Posted: Wed May 23, 2007 8:24 pm
by GeoTrail
Is it possible to convert Excel 2007 files to OpenOffice?
I opened xlsx file in Ubuntu and it opened in the Archive manager, so it is obviously a compressed file. I can see the three worksheets in there in xml format but it's impossible to read. I want to be able to keep working on the worksheets in OpenOffice spreadsheet. Any takers?
Posted: Wed May 23, 2007 8:40 pm
by WishMaster
1) Don't use these files. To exchange documents ODT and PDF are the best choice.

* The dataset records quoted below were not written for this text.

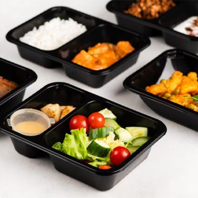 Одноразовые 2х секционные контейнеры ПП под запайку 600 мл
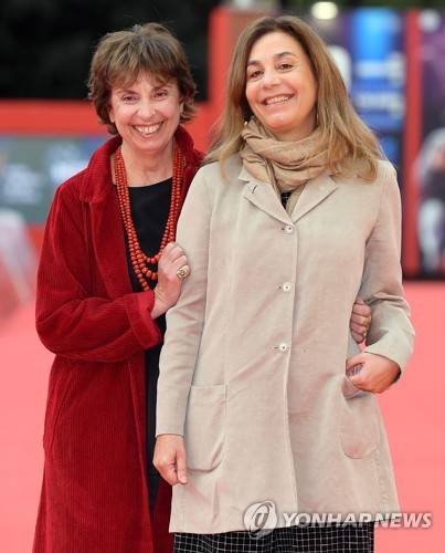 epa09536342 Enrica (L) and Donata Scalfari arrive for the screening of 'Scalfari.A Sentimental Journey' at the 16th annual Rome International Film Festival, in Rome, Italy, 21 October 2021. The Festa Del Cinema Di Roma runs from 14 to 24 October. EPA/ETTORE FERRARI
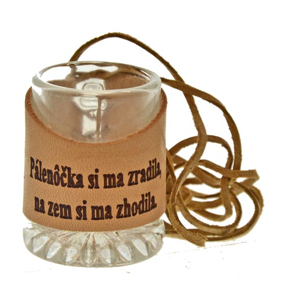 Jedinečný pohárik zo skla v koži (štamperlík) na alkohol pre chlapov - Pálenôčka si ma zradila, na zem si ma zhodila s koženou šnúrkou na krk.
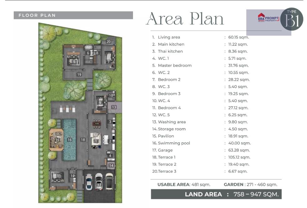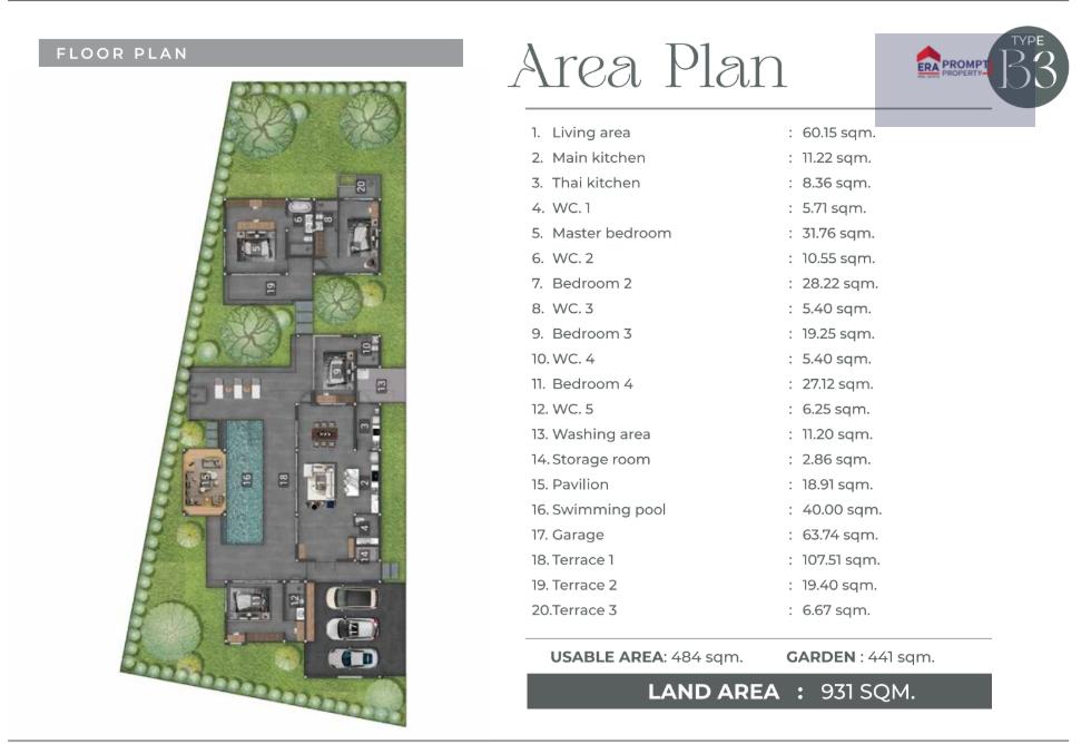 β’ 5-Bedroom Villa β Approx. 444 sqm usable area | 749 sqm land | 5 Bedrooms / 6 Bathrooms | Private pool
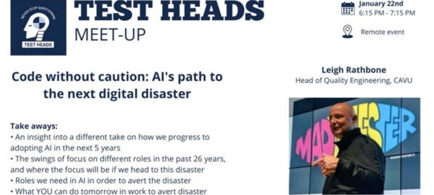 "TestHeads is back with a thought-provoking remote talk with Leigh Rathbone, Head of Quality Engineering at CAVU. Leigh will share some controversial ideas that are sure to spark lively discussion!"
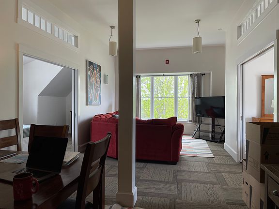 2BR furnished or unfurnished executive apartment available June 1 in the business section of downtown Blue Hill. One year lease term available. Very quiet and bright, with floor-to-ceiling windows and extra high ceilings. This high end building is professionally maintained with all services in place. Hot water and heat are included (worth thousands per winter). Pets are not allowed. Tenant is responsible for electricity and internet. First, last, and security due upon lease signing.
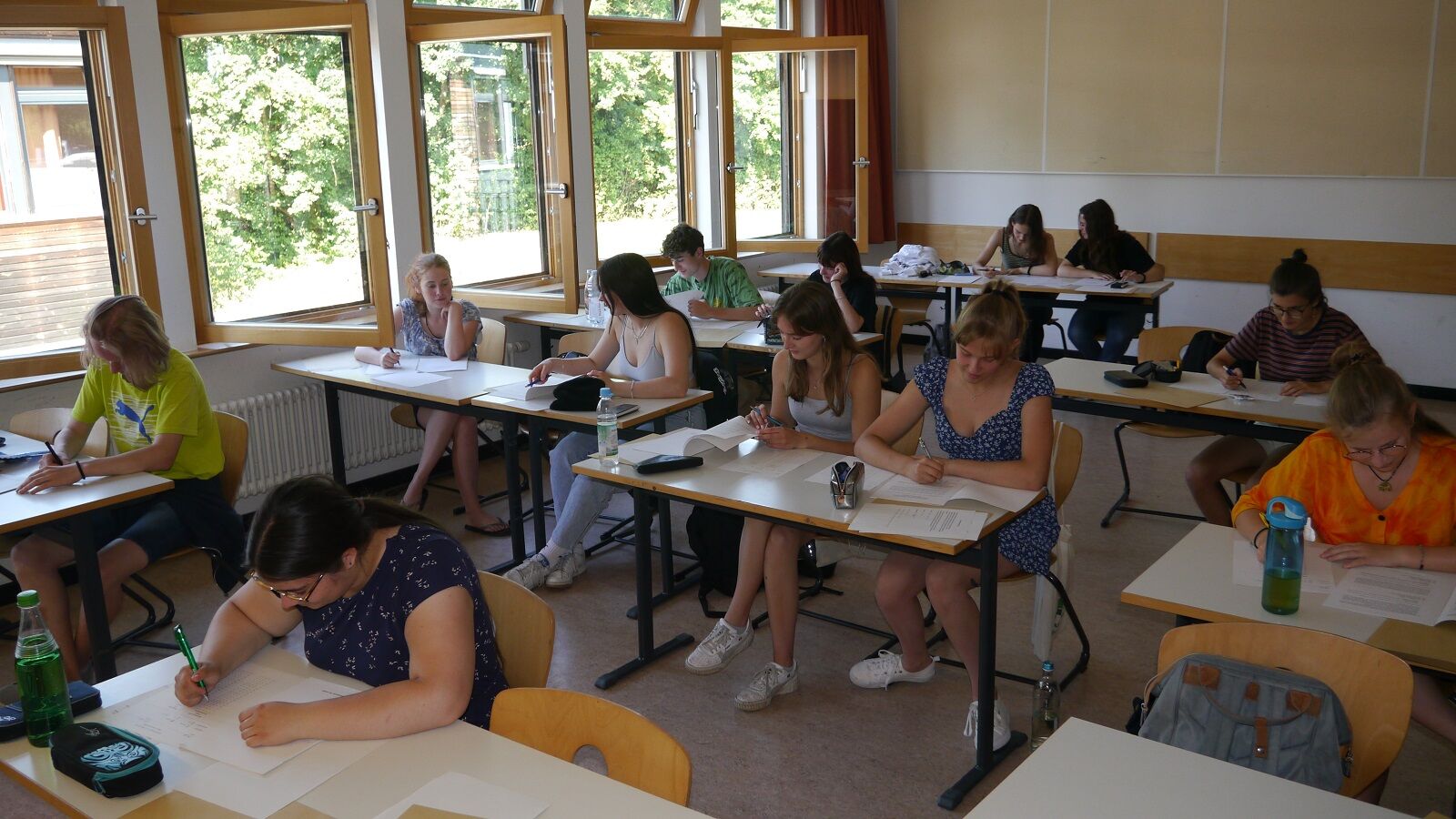 Den SFBT gibt es dabei für sechs verschiedene Studienrichtungen, wie z.B. Naturwissenschaften oder Sprachwissenschaften. Nach einer kurzen Einführung von Frau Altenbuchinger-Dick ging es auch direkt los. Bei hochsommerlichen Temperaturen galt es sich zu konzentrieren und die teilweise sehr anspruchsvollen Aufgaben bestmöglichst zu lösen. Direkt im Anschluss an die Bearbeitung der Tests wurden diese ausgewertet und auf Wunsch konnten die Teilnehmerinnen und Teilnehmer ein individuelles Rückmeldegespräche mit der Psychologin Frau Hawranek führen. Die anderen Schülerinnen und Schüler erhalten ihre Ergebnisse dann in schriftlicher Form zeitnah per Post. Mit diesen Rückmeldungen können sie sich dann bei Bedarf an ihre zuständige Berufsberaterin Frau Altenbuchinger-Dick für weitere Beratungen wenden.

2) Use OpenSUSE 10.2 or Novell SLED there is a converter for those distris:
http://download.novell.com/SummaryFree. ... SrjfdE4U58~
Posted: Wed May 23, 2007 8:53 pm
by milan1612
I think you can save documents in Office 2007 in both the new format and the old doc/xls...
I always save my Word Documents in the old doc format.

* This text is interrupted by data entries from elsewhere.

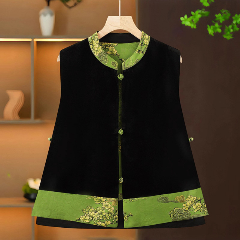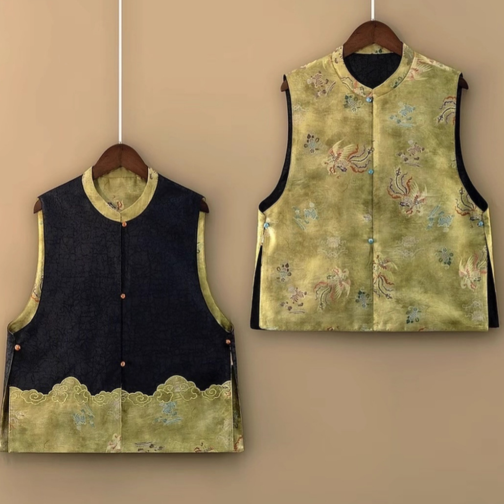 2025早秋款新中式复古拼接丝绒双面穿马甲时尚背心上衣坎肩
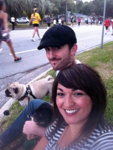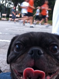 The race started at 7:15. I met Donnie around 7:40 on a grassy knoll on Livingston, where he had been sitting watching the runners with the unruly pugs.
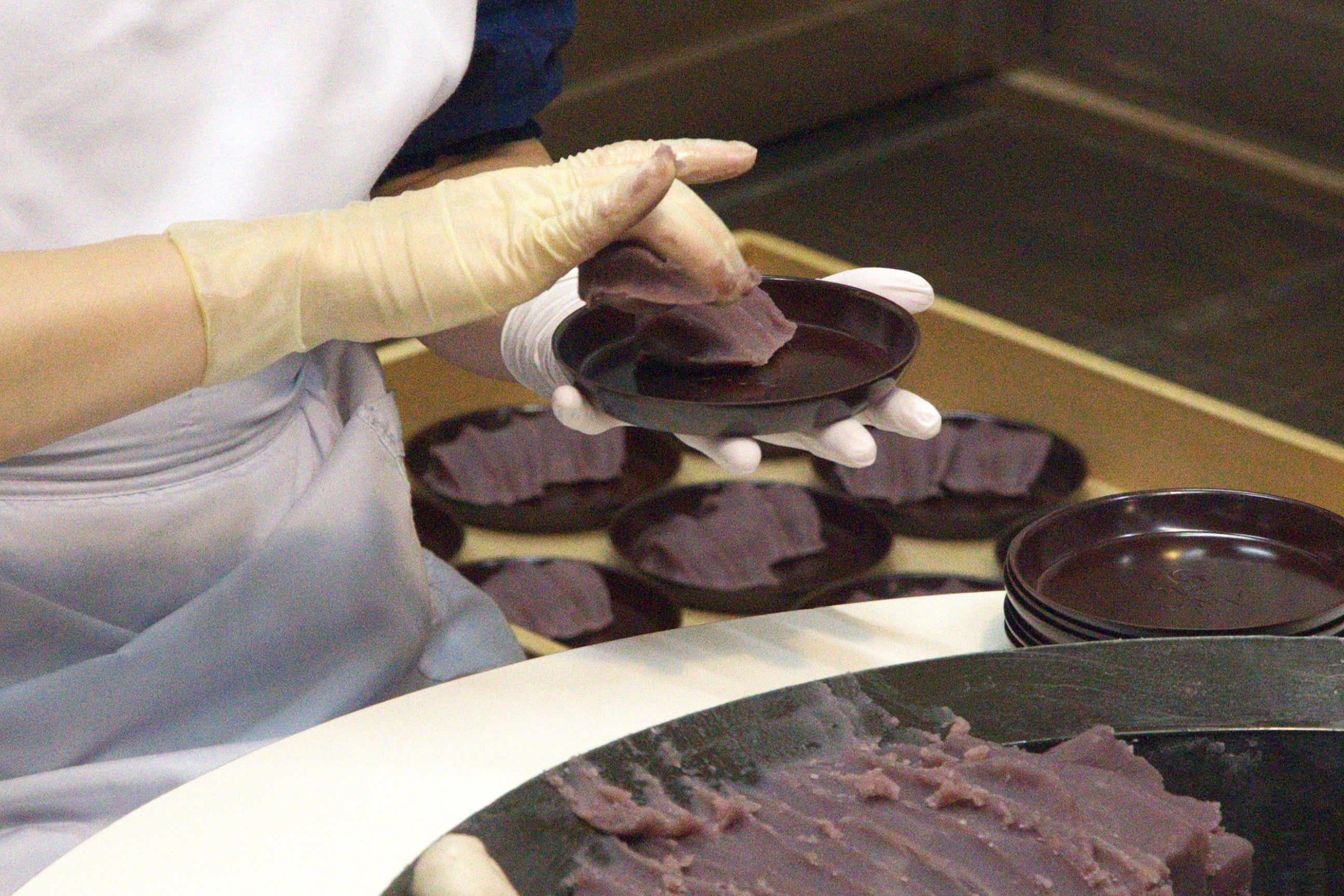 会場では、「餅入れ」と呼ばれる職人が一つひとつ仕上げる“つくりたての赤福餅”を店内でお召し上がりいただける実演販売を実施いたします。

Posted: Wed May 23, 2007 9:00 pm
by Trond
I opened xlsx file in Ubuntu and it opened in the Archive manager, so it is obviously a compressed file.
No, Linux's filetype handling is broken...
Open the file in Excel and save it as a comma-separated csv file. Then open it in OpenOffice and continue working on it.
Posted: Thu May 24, 2007 7:12 am
by GeoTrail
Thanks for the tips guys

Posted: Thu May 24, 2007 3:34 pm
by WishMaster
> No, Linux's filetype handling is broken...
What a nonsense. If I'll send you some files created by programs you haven't installed, the good® Windows® won't recognise them - even if they are actually a supported archive format as the OpenDocument or „Open“XML files are.
Posted: Thu May 24, 2007 3:38 pm
by Trond
WishMaster wrote:> No, Linux's filetype handling is broken...
What a nonsense. If I'll send you some files created by programs you haven't installed, the good® Windows® won't recognise them - even if they are actually a supported archive format as the OpenDocument or „Open“XML files are.
The point here is that it should not be recognized, but it is recognized as the wrong type...
Posted: Thu May 24, 2007 3:46 pm
by WishMaster
That's also nonsense my dear Trond.
As I said, these new (Open/Microsoft®/)Office formats actually are some zip files - as you're obviously using just Windows® with its dumb filetype recognition, just try to rename them to .zip.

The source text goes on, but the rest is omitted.